Member of Parliament for National List
- Incumbent
- Assumed office 20 August 2020

Personal details
- Born: Haputhanthri Gamage Sagara Kariyawasam 13 November 1967 (age 58) colombo
- Citizenship: srilankan
- Party: Sri Lanka Podujana Peramuna
- Other political affiliations: Sri Lanka People's Freedom Alliance (lawyer)
- Parent: Albert Kariyawasam (Father)
- Occupation: Politician
- Profession: Lawyer

= Sagara Kariyawasam =

Sri Lankan politician

Sagara Kariyawasam (born 13 November 1967) is a Sri Lankan lawyer, politician, and Member of Parliament (MP).

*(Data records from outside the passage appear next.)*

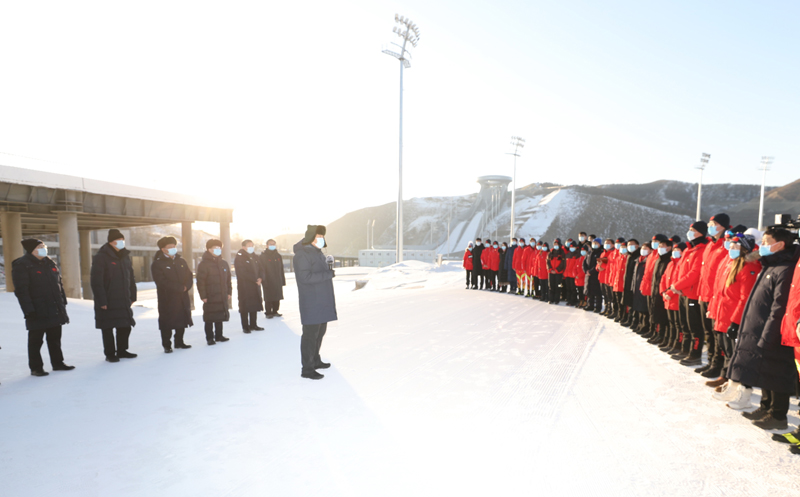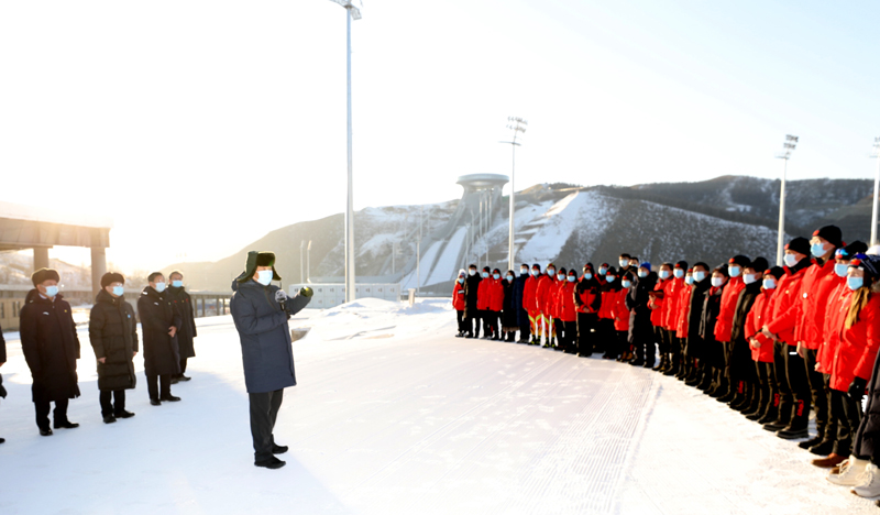 在国家冬季两项中心看台,习近平观看了冬季两项越野滑雪和射击运动员接力训练情况,并看望慰问国家冬季两项、跳台滑雪队运动员、教练员和张家口赛区运行保障团队、建设者代表。习近平亲切地对大家说,我这次来考察北京冬奥会、冬残奥会筹办情况,也是在牛年春节前来看望大家。大家都在为办好一届成功的冬奥盛会而努力,运动员在刻苦训练,建设单位和建设者、保障团队兢兢业业,成功打造了一批世界一流的精品工程,大家的奋斗精神、奉献精神令人感奋。习近平强调,北京冬奥会、冬残奥会所有场馆建设提前一年完成,我国很多冰雪项目在两年多时间里实现从无到有,有的项目达到了世界先进水平,充分体现了党的领导和举国体制、集中力量办大事的制度优势。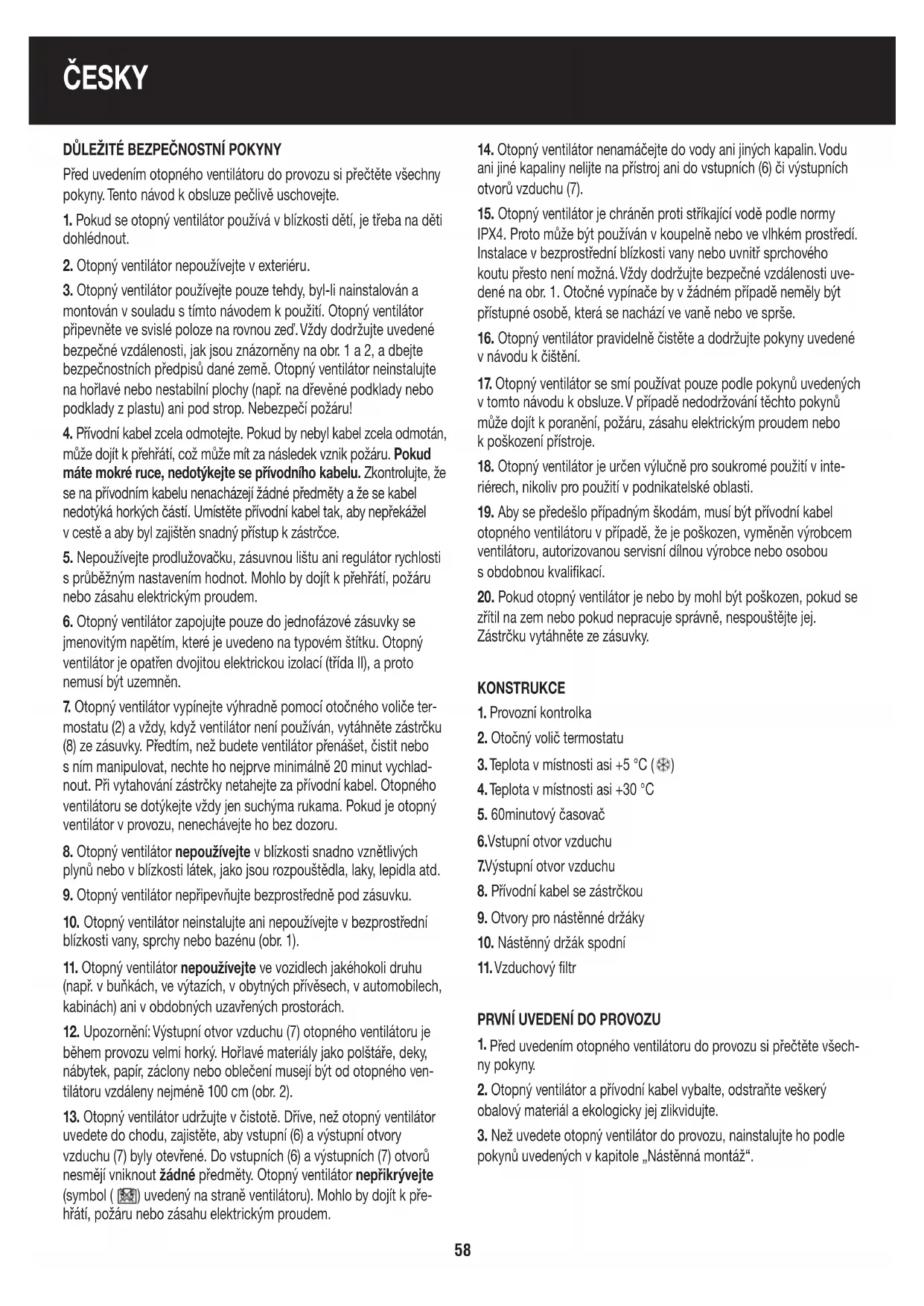 DŮLEŽITÉ BEZPEČNOSTNÍ POKYNY Před uvedením otopného ventilátoru do provozu si přečtěte všechny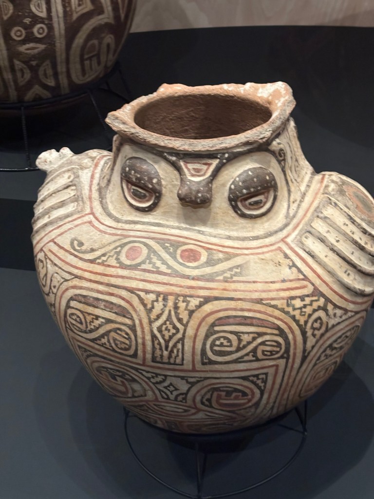 De magnifiques poteries m’émerveillent et j’ai toujours l’impression de voir des équivalents de celles réalisées par la Mayas ou bien les Chinois. Là on découvre des oiseaux sorte de hiboux.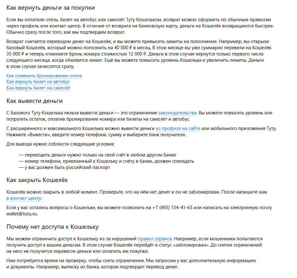 • электронная почта: info tutu ru для общих вопросов и wallet tutu ru для вопросов по кошельку.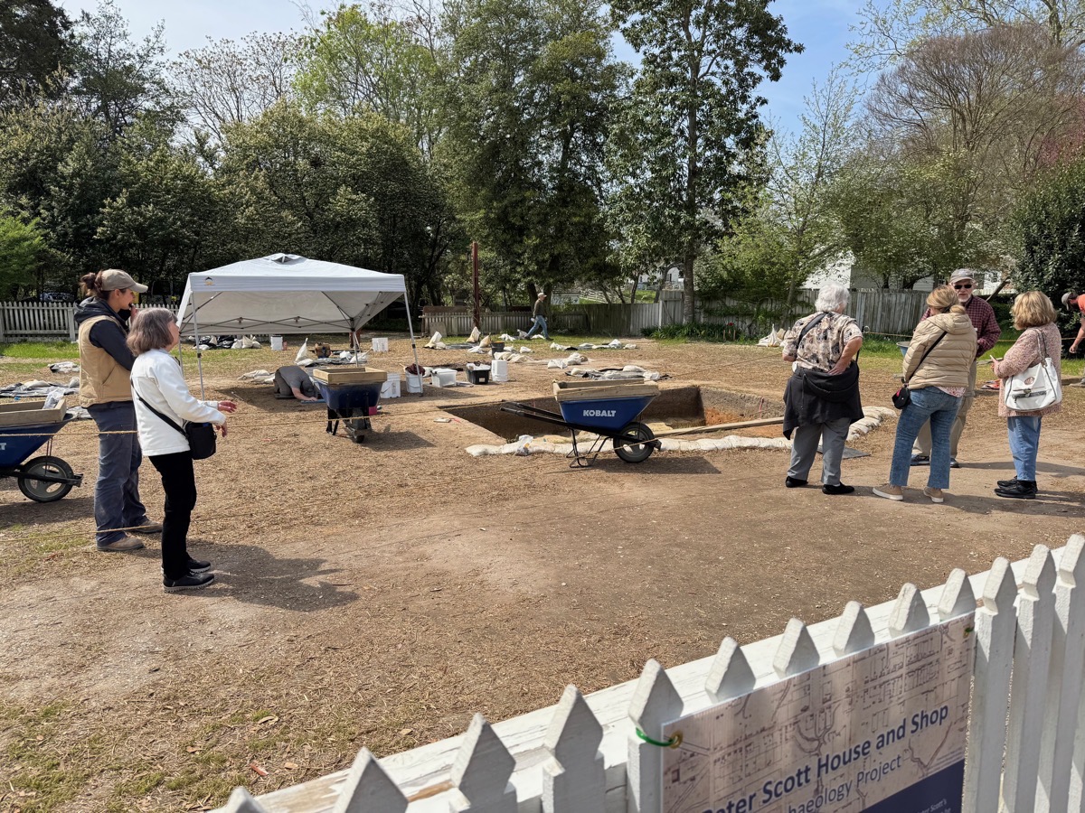 Peter Scott made fine furniture in a building on this site for 42 years. The building had originally been a rental house, constructed on this site by Martha Washington’s father-in-law from her first marriage. By the time Peter Scott passed away, in 1775, the building was being managed by Martha’s second husband, George Washington (Martha’s first husband having died in 1757). Needing a place to house some of his Continental troops, Washington put them up in the Scott house. Shortly thereafter, though, oops! The troops accidentally started a fire that completely destroyed the building. Today, the archaeologists are excavating the building’s cellar and foundations, after which they hope the Colonial Williamsburg Foundation can recreate the building that once stood on this site.

Kariyawasam was born on 13 November 1967. He is the son of Albert Kariyawasum, who was a renowned politician from Southern province. He is the general-secretary of the Sri Lanka Podujana Peramuna political party. Following the 2020 Sri Lankan parliamentary election, he was appointed to the Parliament of Sri Lanka as a National List MP representing the Sri Lanka People's Freedom Alliance.

==Controversy==
On 10 August 2026, Kariyawasam was arrested by the Central Criminal Investigation Bureau (CCIB) of Sri Lanka Police over remarks he allegedly made against Inspector General of Police Priyantha Weerasooriya on 3 August. He was subsequently released on bail by the Kaduwela Magistrate's Court.